_EXERCISE_
All entries must be repeated exactly; do not include the pictures.

Source data

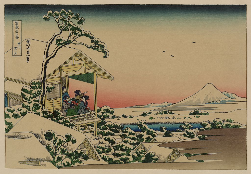 Part of the series Thirty-six Views of Mount Fuji.
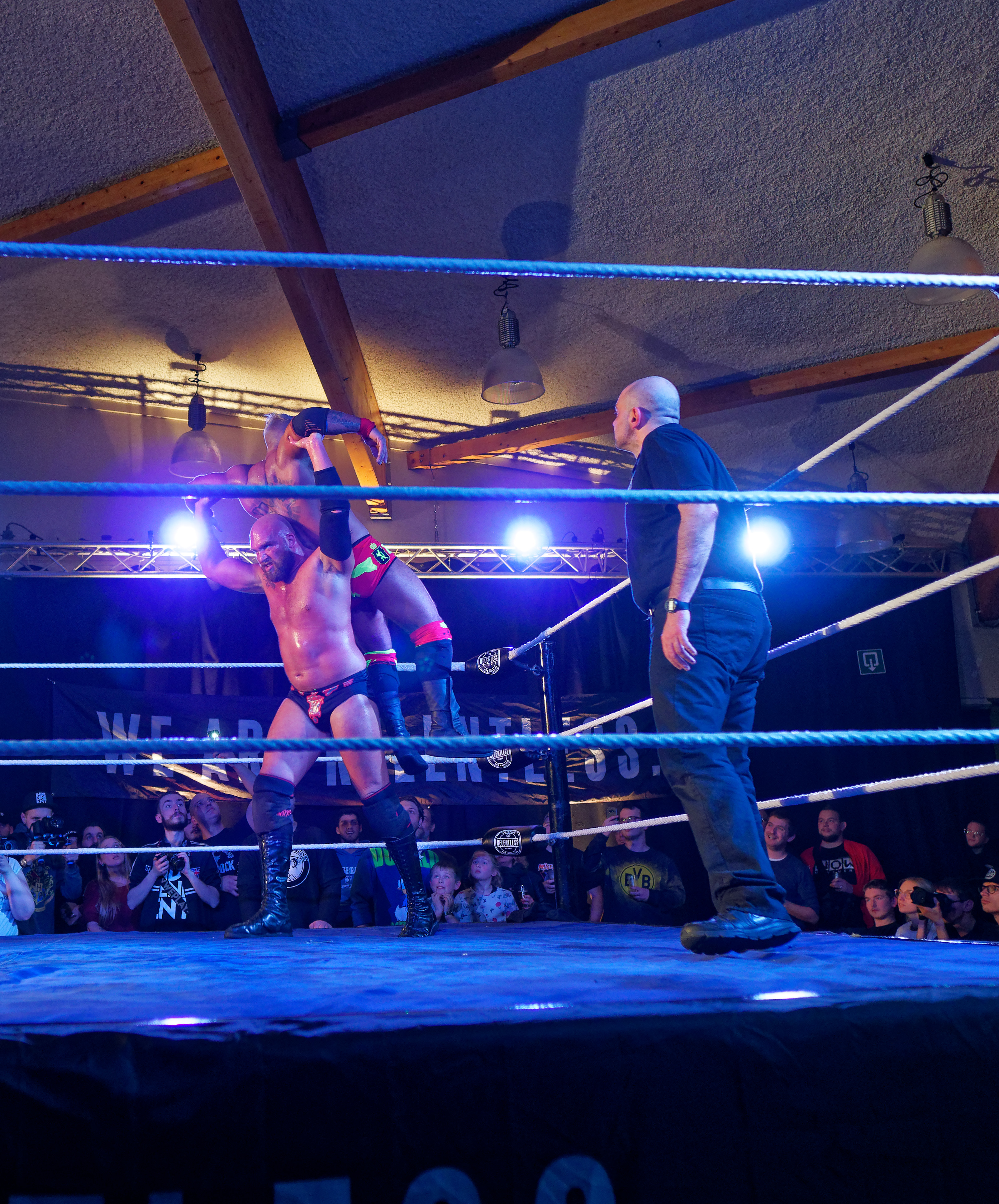 Relentless - Fight Like It's Christmas - Mike D vecchio Vs Cody Hall Mike D vecchio Def. (Pin) Cody Hall ( After the sold out first show, Relentless will be back in Antwerp December 13th! )
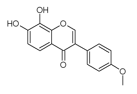 Chemical structure of retusine (isoflavone)
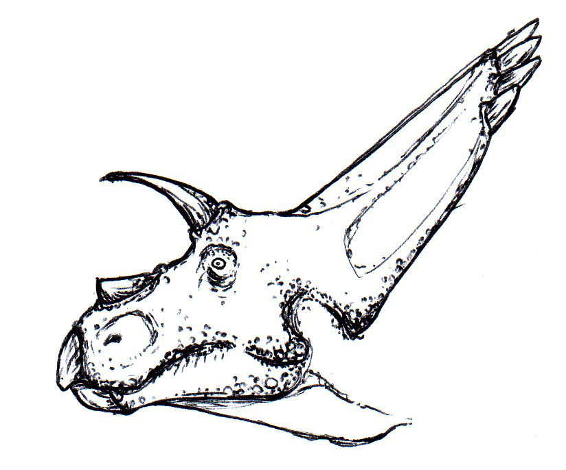 Arrhinoceratops
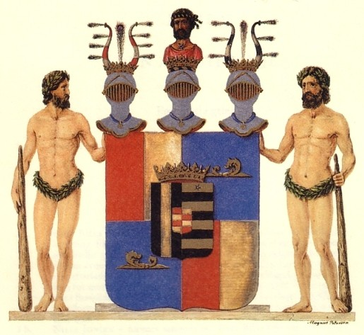 Coat of arms of the comital Bille-Brahe-Selby family
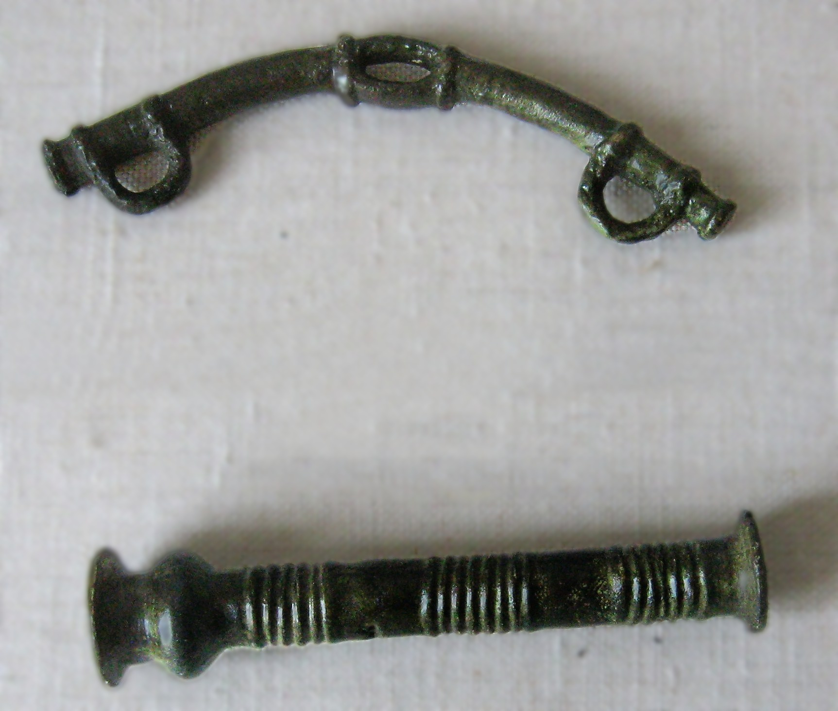 Roman Bridle of Contiomagus
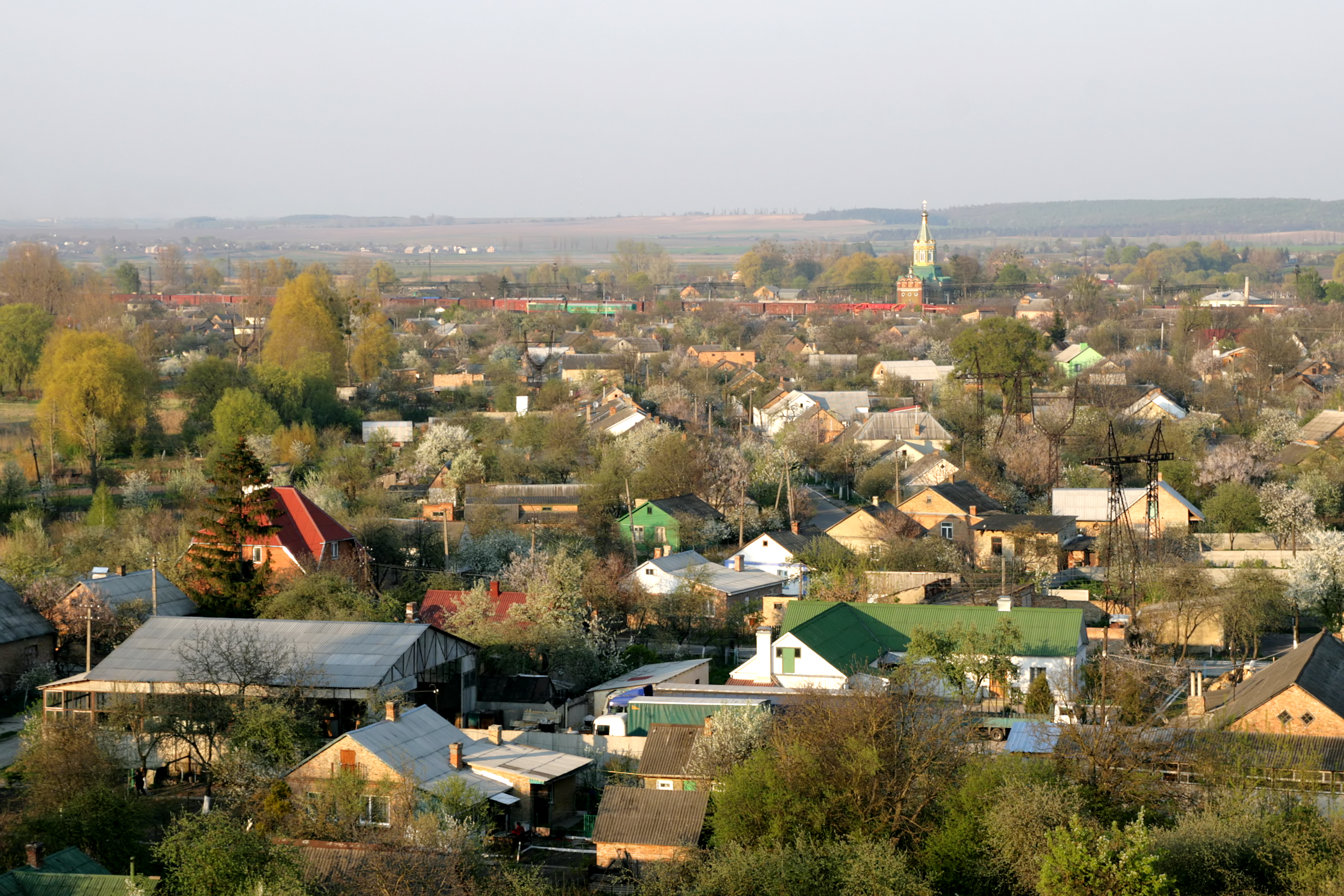 Zdolbuniv town

_RESPONSE TO THE TASK_
 Part of the series Thirty-six Views of Mount Fuji.
 Relentless - Fight Like It's Christmas - Mike D vecchio Vs Cody Hall Mike D vecchio Def. (Pin) Cody Hall ( After the sold out first show, Relentless will be back in Antwerp December 13th! )
 Chemical structure of retusine (isoflavone)
 Arrhinoceratops
 Coat of arms of the comital Bille-Brahe-Selby family
 Roman Bridle of Contiomagus
 Zdolbuniv town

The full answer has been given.